So really you want a robot that you can teach yourself. That’s probably going to need an efficient and easy way to teach the robot. In an ideal world, we could have access to effectively infinite data, which is how large language models emerged, because there’s not infinite language data but certainly a huge amount of language data that’s constantly growing.

But we don’t have that in robotics. So it’s a much harder problem. We probably can’t just use the same ideologies that we used in training large language models in robotics. We’ve got to think more carefully about the efficiency of those algorithms.

John Koetsier

For LLMs, we have this technology called the internet where there are trillions or quadrillions of words out there that people can grab and start learning from. It’s a little different in robotics. That data is a little closer held.

Edward Johns

Yeah. With language models, the data was already there before people found a use for it in AI. In robotics, the data is only going to be there after people have found a use for robotics, if you’re going to go down that route of deploying robots in the real world to collect that data.

That approach creates a bit of a chicken-and-egg problem. How do you get that robot deployed meaningfully and at scale in order to collect enough data to do the task that the person would have bought the robot for in the first place? It’s not guaranteed that that approach will happen.

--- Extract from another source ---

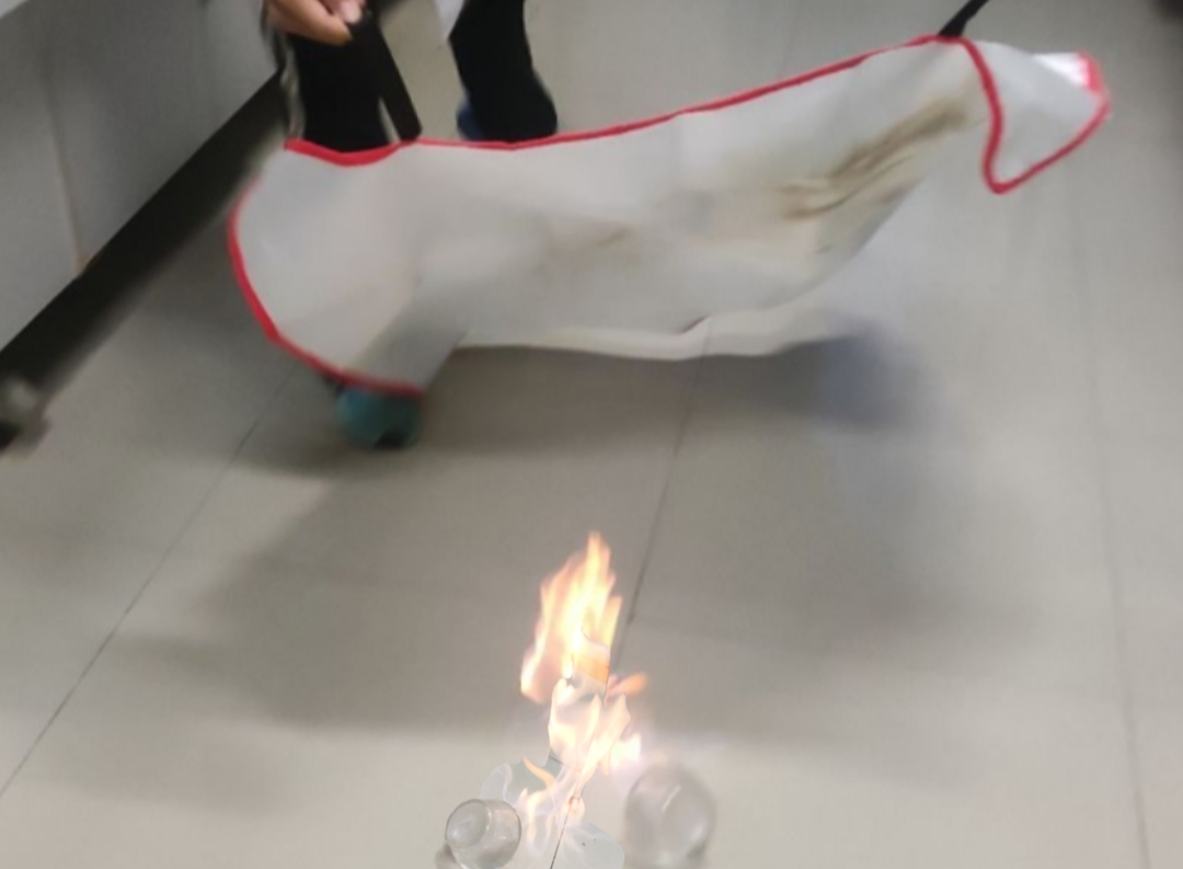 演练模拟实验室因酒精灯打翻引发初期火情。警报响起后,学院应急小组立即启动预案,组织师生沿预定路线快速、低姿态疏散。全体人员在两分钟内有序撤离至安全集结区,过程紧张高效。随后,安全负责人现场讲解并演示了灭火毯、干粉灭火器的正确使用方法,部分学生进行了实操体验。

A more guaranteed approach may be to make it easier for end users to deploy robots in the first place without having to solve that chicken-and-egg problem themselves.

John Koetsier

If you think of an employer-employee or person-to-person analogy, I can train somebody to do something that I know how to do, and I should be able to train my robot to do something that it didn’t know how to do when it left the factory. This would allow it. This is somewhat prompt-based, correct, your method of training?

Edward Johns

There are a couple of works coming out from our lab over the last year. One of them we’ve just mentioned, which is the “Learning 1,000 Tasks in a Day” project. Another work that we published last year was called Instant Policy. This is a method based on in-context learning.

It’s a big neural network that we’ve trained with simulated data, and we can prompt that network with a demonstration. A little bit like you would prompt a language model with some text, we can prompt that network with a demonstration. It does a forward pass through the network and outputs the appropriate action.

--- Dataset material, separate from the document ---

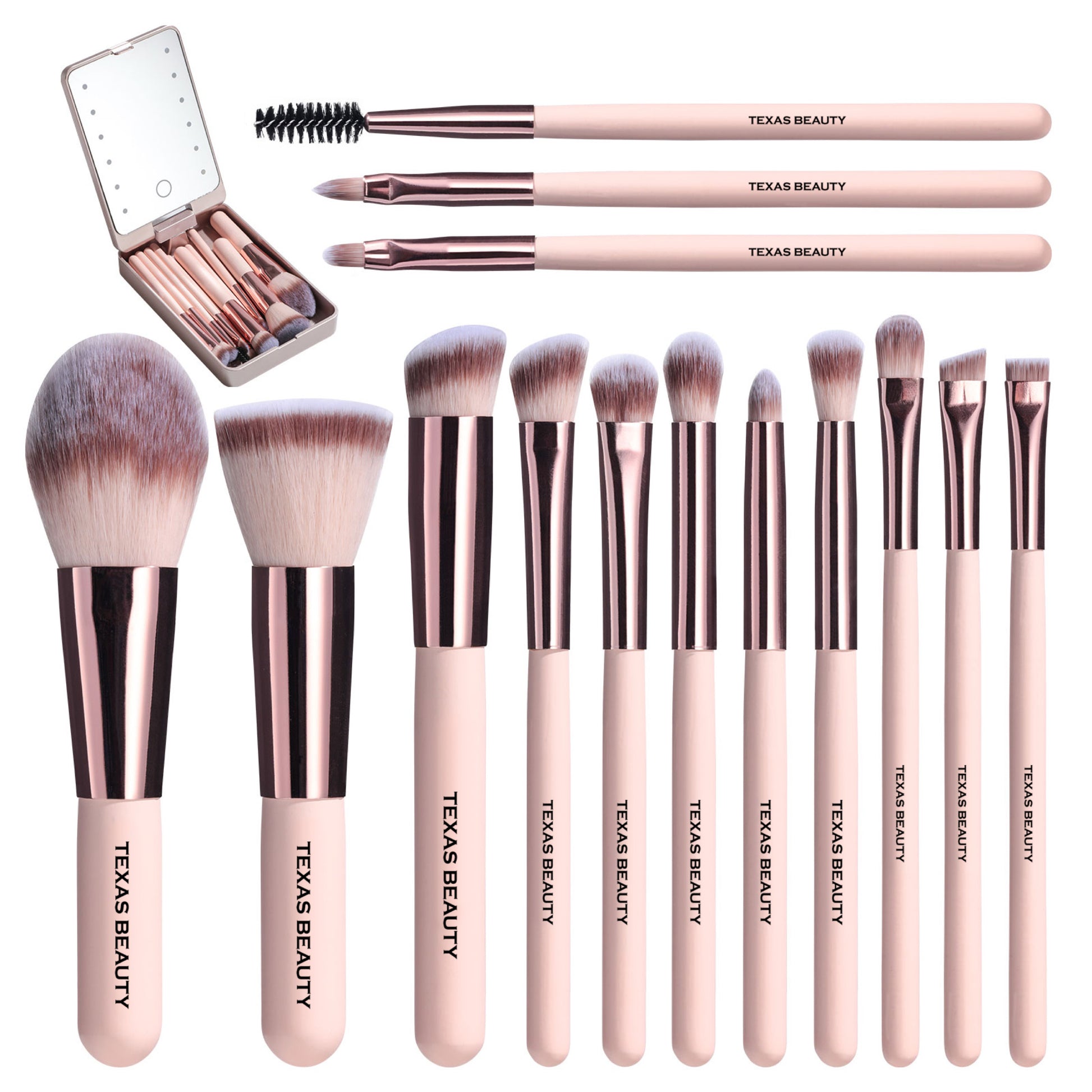 14 Pcs Pink Brush set with Led Light Mirror

Because it learns instantly, you as the end user become in control of it, and you can become creative and playful with all the different applications you find for it. It’s a sort of ChatGPT version of imitation learning where you can prompt it with your own demonstration and the robot will learn that task right away.

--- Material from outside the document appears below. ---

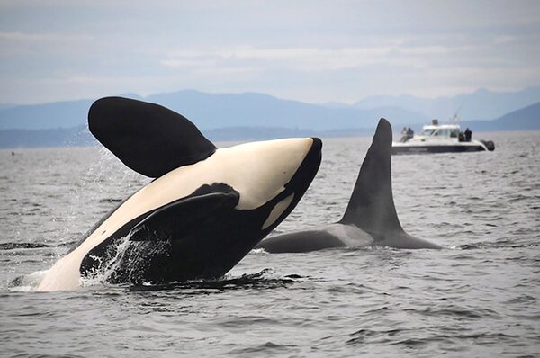 Two southern resident killer whales are seen in this undated handout photo. Canada has many reasons to concern itself with the conservation and management of whales.HO

The thousand-tasks work was a different kind of method. It wasn’t really based on prompting in that same way. It was more based on decomposing trajectories into alignment and interaction phases.

John Koetsier

If you go prompt-based, does that mean it’s probabilistic rather than deterministic, and could that cause some challenges in the future?

Edward Johns

It is probabilistic to a certain extent. But as long as your training data captures the right kinds of distributions that you want the robot to output, then that’s fine.

All methods based on deep learning have the argument that you’re not fully in control of what the robot is going to predict. But if you are in control of the demonstration you’re providing, if you’re in control of the training data, and if you’re in control of the empirical evaluation that proves it is robust and safe, then I think that’s sufficient.

Going down the route of only deploying robots if we can prove fundamentally that they are safe is going to make it very difficult to deploy robots in many scenarios. We don’t do that with humans either. We don’t prove that a human is safe before we allow them to drive us in their taxi.

So I think we can prove things empirically in robotics, and that should be fine.

John Koetsier

In fact, I think we’ve proven that cars are not safe in all cases, 100 percent of cases. The same will be true for most machines. What tasks can this work for? Essentially anything?

Edward Johns

There’s what tasks it can work for now and what tasks it can theoretically work for in a couple of years. Right now, the tasks it can perform are things like picking up objects, placing them somewhere, opening doors and drawers—tasks where the trajectories are relatively smooth and the precision is maybe half a centimeter or so.

With more simulation training data, we should be able to have much more versatile trajectories and much more precise tasks. To get there, one part of solving the problem is difficult research and development, but another part is scaling up simulation data.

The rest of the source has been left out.